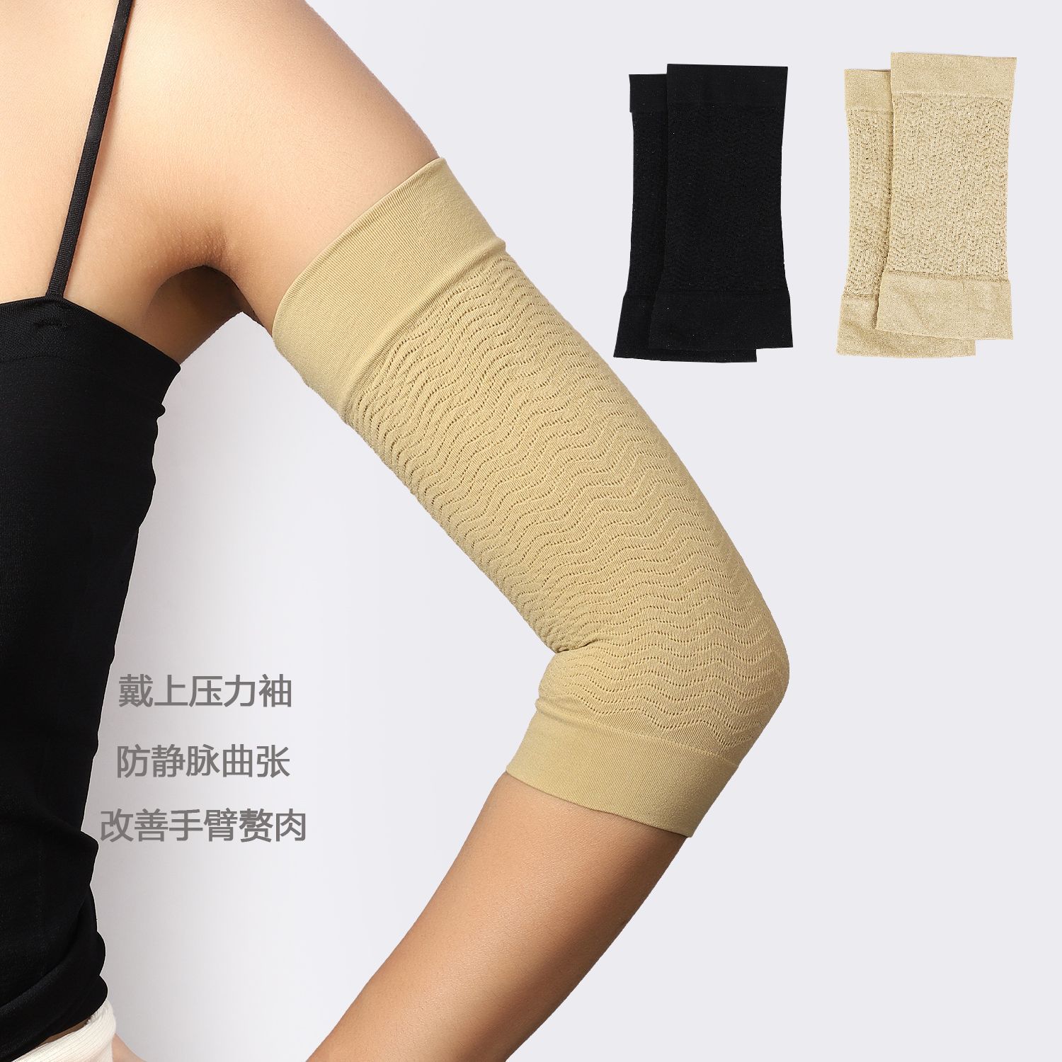 跨境塑型压力袖套保护肘胳膊弹力套男女轻薄束臂瑜伽手臂防晒护套
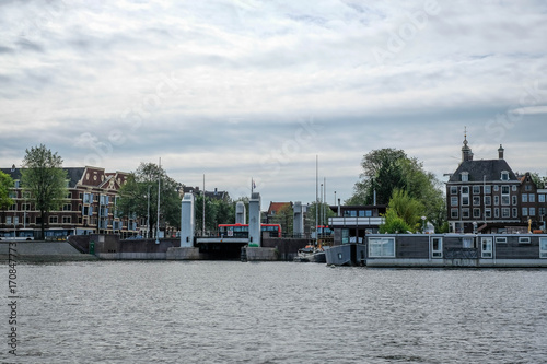 Naklejka premium Brücken Grachten und Schiffe in Amsterdam
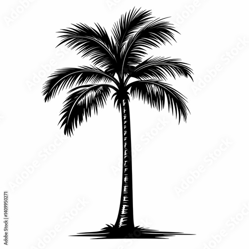 Obraz premium Tropical Palm Tree Silhouette. Black and White Botanical Illustration for Exotic Beach Vibes
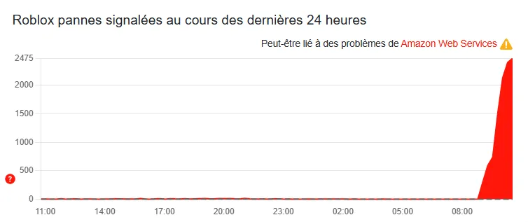 Sur le site Downdectetor, près de 2 500 joueurs de Roblox signalent des pannes sur le jeu. Les problèmes rencontrés sont multiples : impossible de se connecter, peu importe le serveur et par extension, impossible de jouer. Quelle que soit la plateforme, quelque soit l’endroit dans le monde.
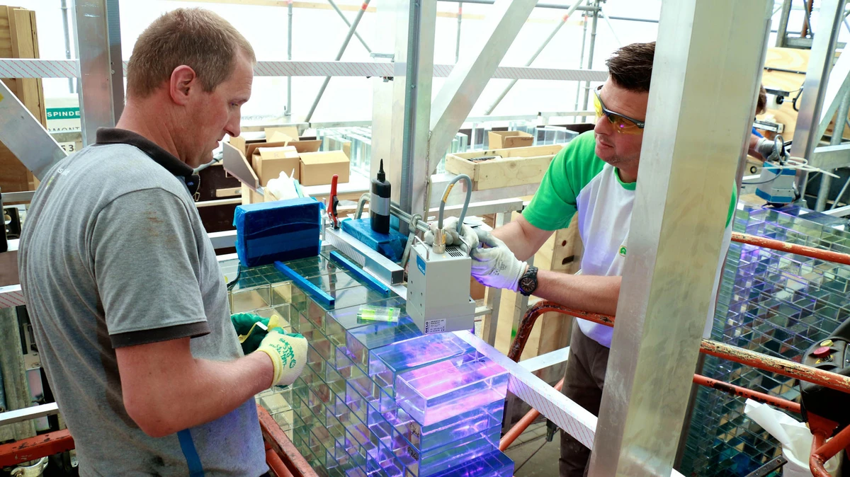 Por su parte, a fin de lograr un efecto continuo espectacular, la empresa alemana Delo Industrial Adhesives desarrolló un adhesivo transparente de gran resistencia para sustituir al mortero tradicional.
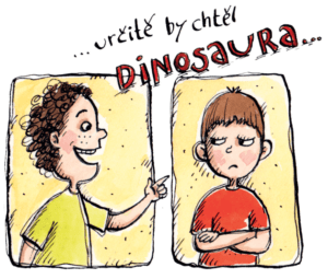 Matěj trhl rameny a neodpověděl. „Určitě by chtěl dinosaura, když jeho táta pracuje v muzeu,“ chechtal se Pepík. Paní učitelka se na Pepíka zamračila. „Tak to ne, Pepíku, tohle se nedělá!“ vyhubovala mu. „Děti, co jsme si říkali? Nikdy se kamarádům neposmíváme, že?“ Třídou se neslo hlasité: „Anoooo!“ Paní učitelka Pepíkovi pohrozila, že jestli ho ještě jednou uslyší, jak se někomu posmívá, zůstane za trest po škole. A také se musel Matějovi omluvit. Ten však o jeho omluvy nestál. Pepík měl totiž pravdu. Skutečně neměl doma žádného mazlíčka, ale moc by ho chtěl. Koukal na prázdný papír a přemýšlel, jakého by chtěl úplně nejvíc. Dinosaurus by byl super, jenže to je hloupost. Tak co třeba takový tygr nebo leopard? Hned si představil, jak by ho doprovázel do školy. A kdyby si na něj Pepík dovoloval, dal by mu co proto. Jenže to by taky nešlo. Když byl Matěj ještě malý, přál si pštrosa. V televizi jednou viděl, jak na něm jeden docela malý kluk jezdí, a přišlo mu to prima. Ale to bylo dávno, to ještě chodil do školky. Teď už je ve druhé třídě! Líbilo by se mu mít za mazlíčka třeba orla nebo sokola, ale tatínek říkal, že ptáci v zajetí trpí.
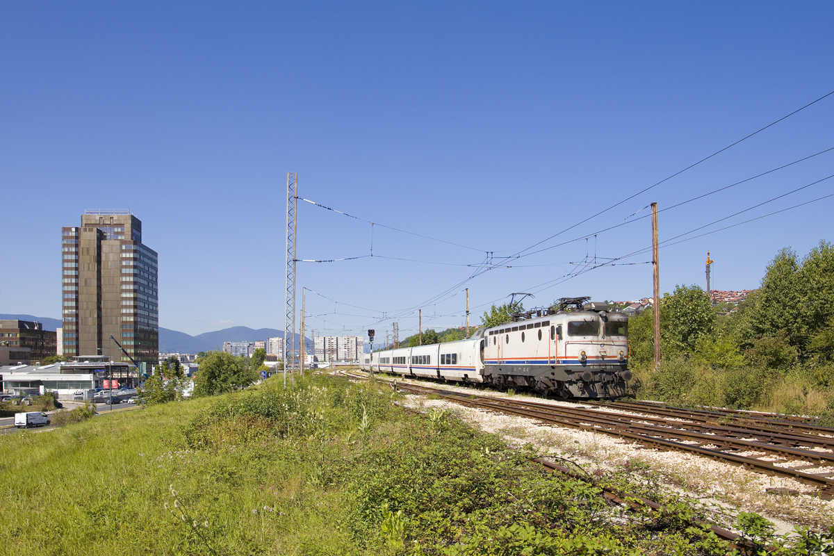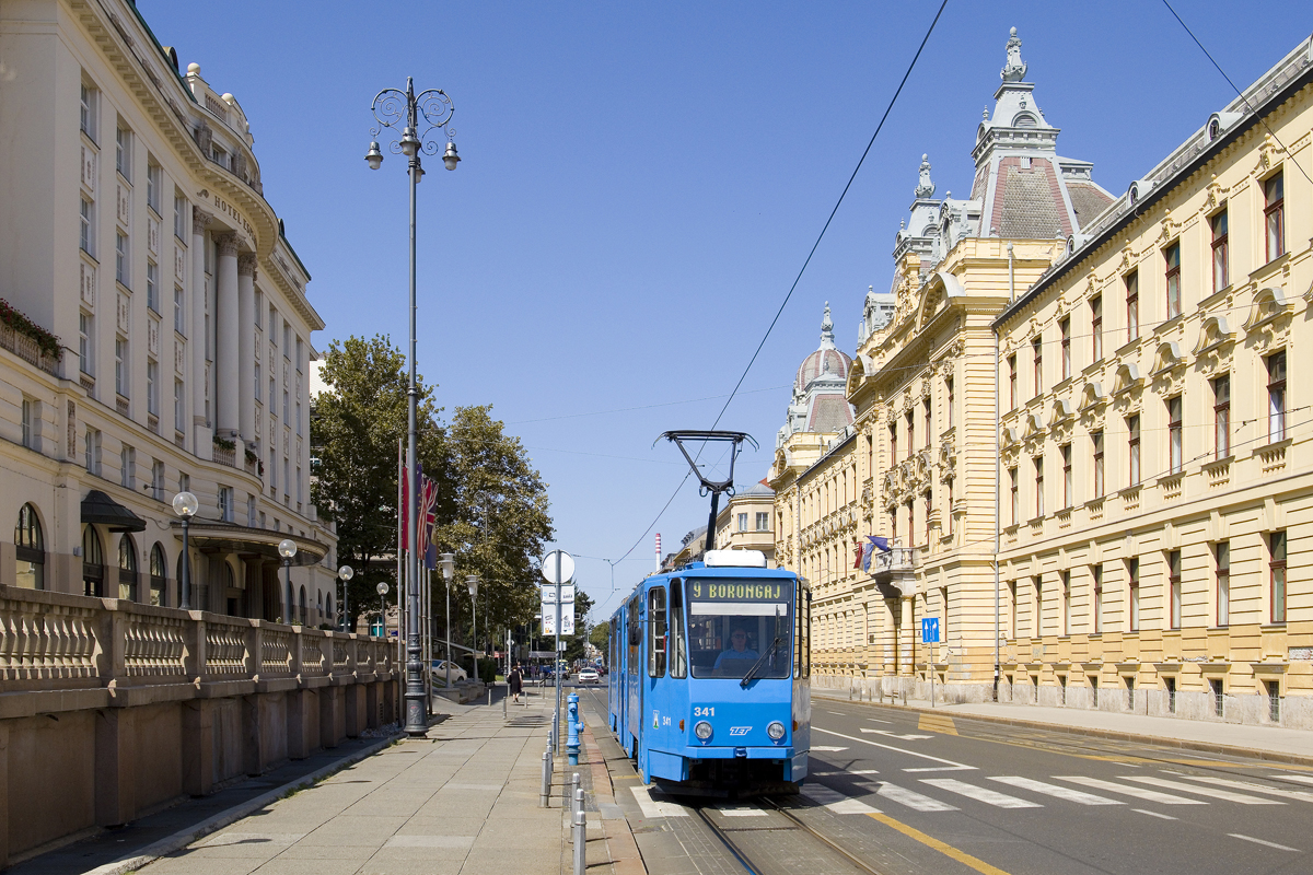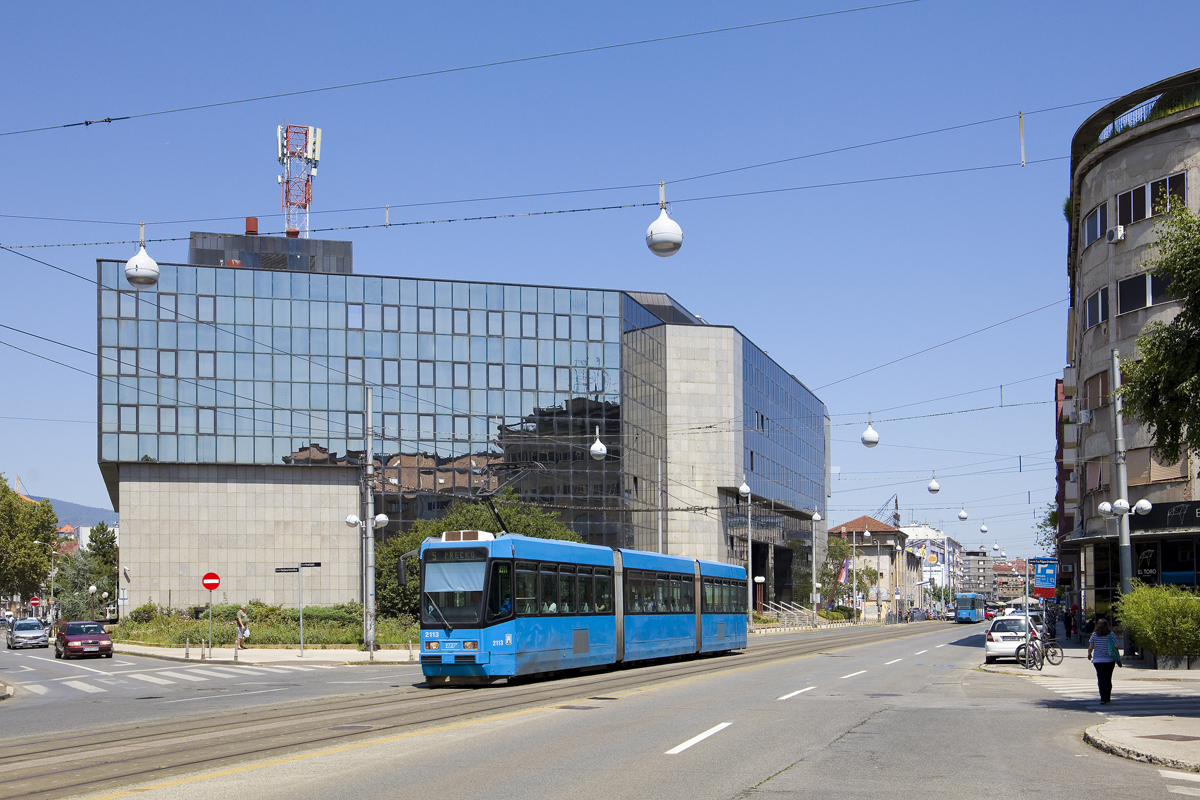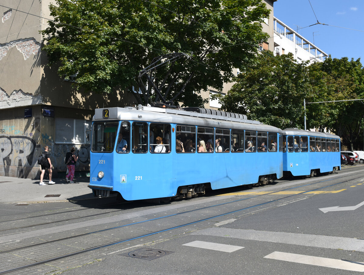 In den 1970er Jahren wurden von Đuro Đaković in Slavonski Brod die vierachsigen Triebwägen der Baureihe TMK 201 gebaut. Am Mittag des 12. September 2023 war TMK 221 samt Beiwagen 714 auf der Line 2 nach Črnomerec unterwegs und wurde dabei von mir auf der Ulica Kneza Branimira fotografiert.

◇ ◇ ◇ ◇ ◇ ◇ ◇

### Directions
What should come back is an exact copy of the lines above from the line with "Sur le site" to the line with "Matěj trhl rameny", both included, minus the pictures.

### Answer for the task
 Sur le site Downdectetor, près de 2 500 joueurs de Roblox signalent des pannes sur le jeu. Les problèmes rencontrés sont multiples : impossible de se connecter, peu importe le serveur et par extension, impossible de jouer. Quelle que soit la plateforme, quelque soit l’endroit dans le monde.
 Por su parte, a fin de lograr un efecto continuo espectacular, la empresa alemana Delo Industrial Adhesives desarrolló un adhesivo transparente de gran resistencia para sustituir al mortero tradicional.
 Matěj trhl rameny a neodpověděl. „Určitě by chtěl dinosaura, když jeho táta pracuje v muzeu,“ chechtal se Pepík. Paní učitelka se na Pepíka zamračila. „Tak to ne, Pepíku, tohle se nedělá!“ vyhubovala mu. „Děti, co jsme si říkali? Nikdy se kamarádům neposmíváme, že?“ Třídou se neslo hlasité: „Anoooo!“ Paní učitelka Pepíkovi pohrozila, že jestli ho ještě jednou uslyší, jak se někomu posmívá, zůstane za trest po škole. A také se musel Matějovi omluvit. Ten však o jeho omluvy nestál. Pepík měl totiž pravdu. Skutečně neměl doma žádného mazlíčka, ale moc by ho chtěl. Koukal na prázdný papír a přemýšlel, jakého by chtěl úplně nejvíc. Dinosaurus by byl super, jenže to je hloupost. Tak co třeba takový tygr nebo leopard? Hned si představil, jak by ho doprovázel do školy. A kdyby si na něj Pepík dovoloval, dal by mu co proto. Jenže to by taky nešlo. Když byl Matěj ještě malý, přál si pštrosa. V televizi jednou viděl, jak na něm jeden docela malý kluk jezdí, a přišlo mu to prima. Ale to bylo dávno, to ještě chodil do školky. Teď už je ve druhé třídě! Líbilo by se mu mít za mazlíčka třeba orla nebo sokola, ale tatínek říkal, že ptáci v zajetí trpí.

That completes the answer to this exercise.